Preparing for Opening Day: 5 of the best icebreakers for teachers

icebreakers for teachersThe first day of school is still a ways off, but many teachers—especially those of us who just received our fall assignments—are already beginning to think about it. The day usually begins the same way: Our new students trickle in and find a desk where they can carefully guard their tongues for the next week. We feel for our students not only because we’ve been there before, but also because we always have some nervous energy ourselves. To ease the first-day jitters, we started using icebreakers. Below you will find five of our favorites.

Preparing for Opening Day: 5 of the best icebreakers for teachers

Strings Attached
The only thing you’ll need for this activity is a big ball of string. Here’s how it works: The teacher stands at the door with two handfuls of string ends. As you welcome your new students give each student an end. Alternate hands as you pass them out: The first student gets a string-end from your right hand; the second from your left; the third from your right and so on.
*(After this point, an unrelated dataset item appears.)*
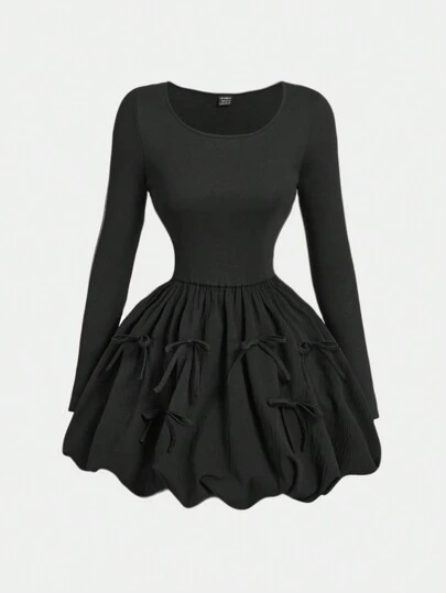 SHEIN MOD Square Neck, Long Sleeve Ruffle Hem Bow Black Dress,Bubble Skirt,Mini Skirt, Dress,Winter Women Clothes,Rave Festival Outfits,Date Night Dress - Black - View 1

Once everyone has arrived and has a string-end, they must start to follow the course of the string they hold (you got to class early and created a trail for each piece of string). Some pieces wrap around chairs, run through the coat closet, under and over desks and around your podium, or become tangled with other pieces of string. Your students will have to follow this trail—wherever it may lead them.

Eventually your students will be startled to discover that they are face-to-face with another student who is holding the other end of the same piece of string! Once each student has found his or her partner, it’s time for them to make their introductions. 

Put on a new jacket
The covers of our most-popular books often become torn and dirty. Direct your students to the classroom library and have them select books with damaged jackets or book covers. If you don’t have enough damaged books, allow them to choose a book with their favorite cover they’d like to protect.

Offer a variety of craft materials (paint, pens, random ephemera and fabric) so that students can create their own covers and book jackets. If you’d like instruction books or kits for slipcases, stop by Hollanders.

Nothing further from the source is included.